NEW YORK (Reuters) - A unit of Deutsche Bank AG (DBKGn.DE) won dismissal Thursday of a $330 million mortgage securities lawsuit, in a victory for banks who claim the statute of limitations has expired on many such cases.
A New York state appeals court found that the case was barred by the state’s six-year statute of limitations, ruling that the clock began to run when the contract was executed in 2006.
The decision reversed a May 13 ruling by a lower court, which had found that the statute of limitations did not begin until the bank refused investor demands that it repurchase the defective loans.
Marc Kasowitz, who represented ACE Securities Corp, the bondholder who brought the case, said in an email that he looked forward to “a successful appeal” of Thursday’s ruling.

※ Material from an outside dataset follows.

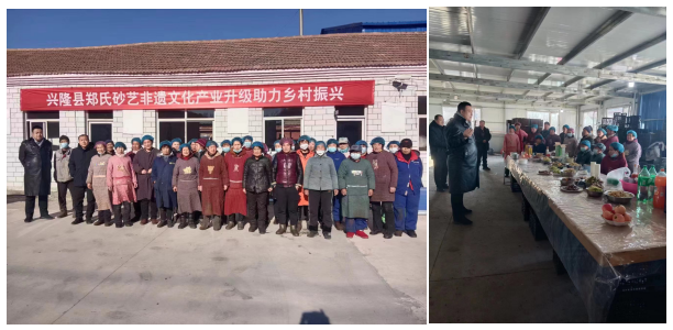 2021年11月,企業(yè)選址興隆縣李家營下臺子村原小學成立興隆縣鐵金研學基地,并結(jié)合當?shù)剞r(nóng)村農(nóng)民的農(nóng)業(yè)種植情況,組織當?shù)?03戶村民自愿聯(lián)合成立了農(nóng)民專業(yè)合作社,建立了鄭氏砂藝非遺文化產(chǎn)業(yè)升級助力鄉(xiāng)村振興就業(yè)工坊。在企業(yè)的引領(lǐng)下合作社展開了農(nóng)產(chǎn)品收購和初加工業(yè)務,此舉不但解決了農(nóng)民的就業(yè)問題,也解決了農(nóng)產(chǎn)品的銷售問題,切實的帶動了當?shù)厝罕娋徒蜆I(yè)、增收致富。

David Woll, who represented the Deutsche unit, DB Structured Products Inc, declined to comment.
The decision is a victory for some banks facing claims by bondholders over residential mortgage-backed securities issued in the run-up to the 2008 financial crisis.
The ruling “will have an impact on numerous existing cases as well as limiting new cases because most of the securitizations at issue occurred more than six years ago,” Scott Musoff, a lawyer who is involved in similar cases, said in an interview.
Musoff is not involved in the DB Structured Products case, but represents other financial institutions facing similar claims.
In Thursday’s decision, a unanimous four-judge appeals panel ruled that the lower court “erred in finding that plaintiff’s claims did not accrue until defendant either failed to timely cure or repurchase a defective mortgage loan.”
To the contrary, “the claims accrued on the closing date” of the mortgage loan purchase agreement, according to the decision, which was unsigned.
The court also found the action was not timely for other reasons. For one thing, the bondholders didn’t give the bank the 60 and 90-day periods to cure or repurchase the underlying mortgages before filing their summons in March 2012, as the agreement required.
For another, the court ruled the investors whose bonds were held in a trust lacked standing to commence the action on behalf of the trust.
The bondholders later substituted the trustee as plaintiff, but that did not make the September 2012 complaint timely, the court said.